### Data provided

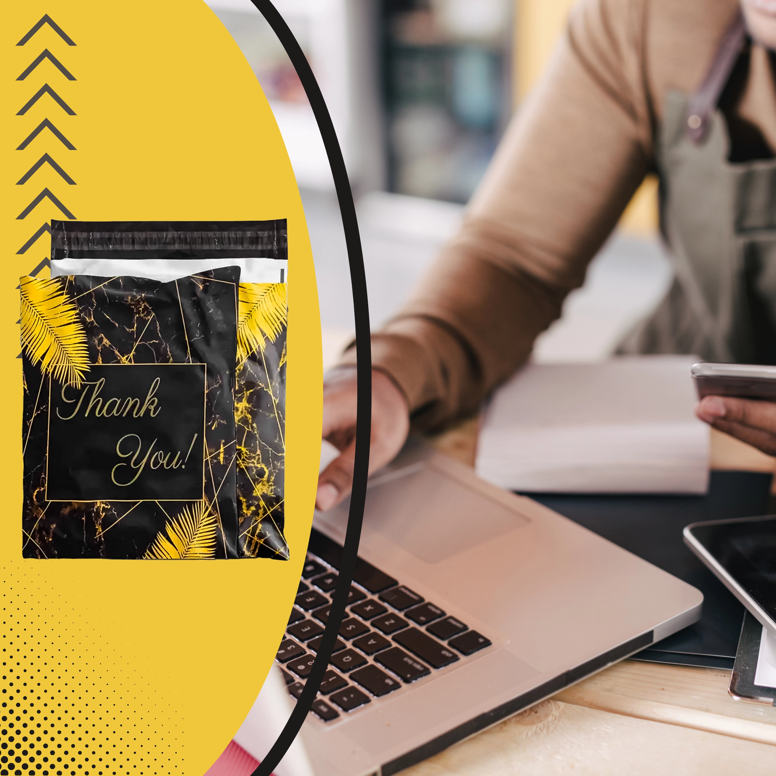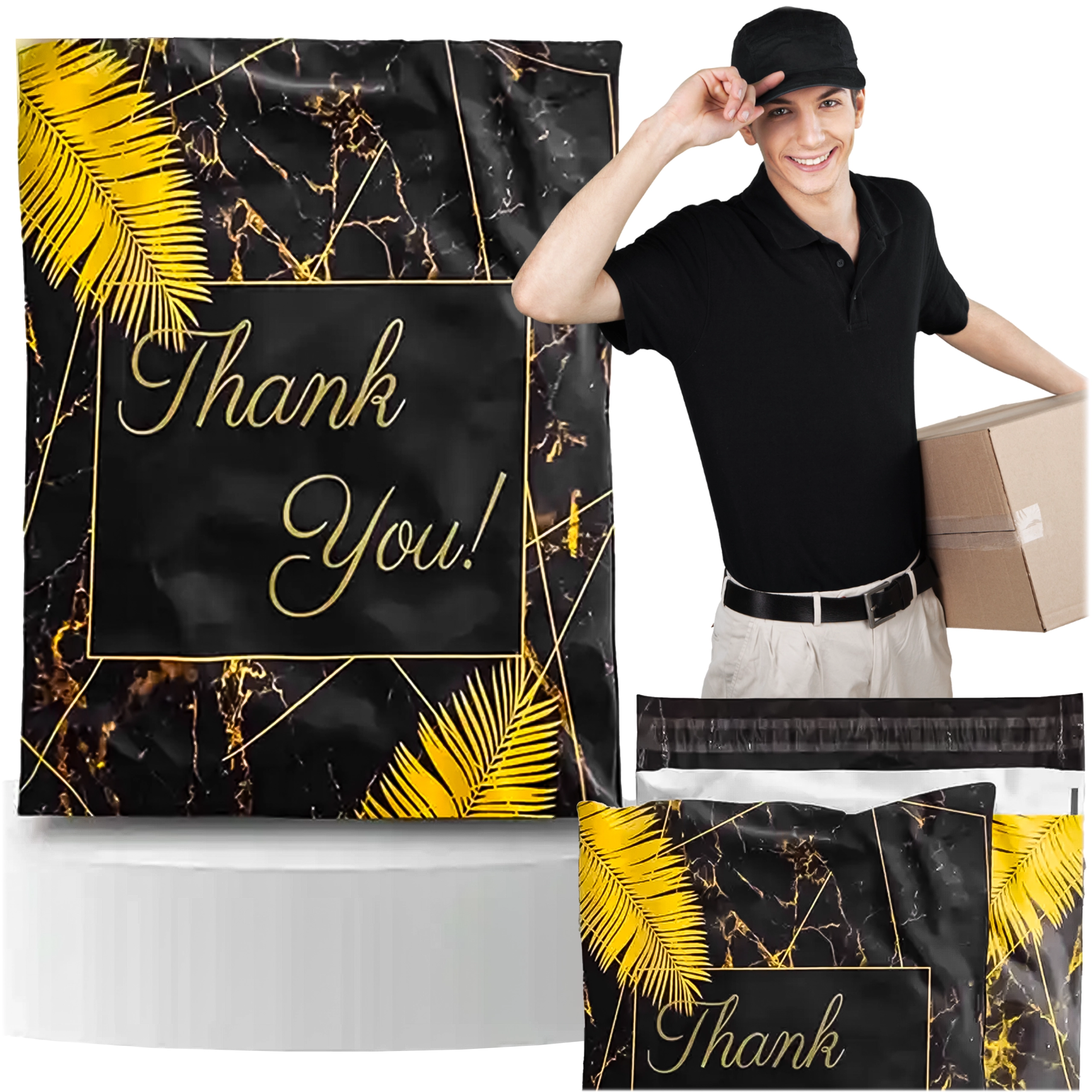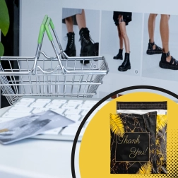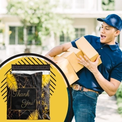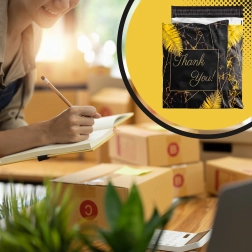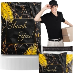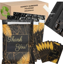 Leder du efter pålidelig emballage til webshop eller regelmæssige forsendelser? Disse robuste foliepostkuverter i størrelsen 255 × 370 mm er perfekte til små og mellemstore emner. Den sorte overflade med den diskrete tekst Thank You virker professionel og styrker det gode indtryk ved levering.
==
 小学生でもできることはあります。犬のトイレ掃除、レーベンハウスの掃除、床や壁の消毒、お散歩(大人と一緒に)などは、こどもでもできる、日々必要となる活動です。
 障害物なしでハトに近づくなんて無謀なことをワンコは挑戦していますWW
==
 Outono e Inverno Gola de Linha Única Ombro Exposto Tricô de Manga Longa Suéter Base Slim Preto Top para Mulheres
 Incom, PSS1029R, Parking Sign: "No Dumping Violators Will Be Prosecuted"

### Action item
Above this instruction are the records; retype exactly the lines from the one containing "小学生でもできることはありま" up to and including the one containing "障害物なしでハトに近づくなんて無謀なことをワンコは挑戦していますWW".

### Answer for this exercise
 小学生でもできることはあります。犬のトイレ掃除、レーベンハウスの掃除、床や壁の消毒、お散歩(大人と一緒に)などは、こどもでもできる、日々必要となる活動です。
 障害物なしでハトに近づくなんて無謀なことをワンコは挑戦していますWW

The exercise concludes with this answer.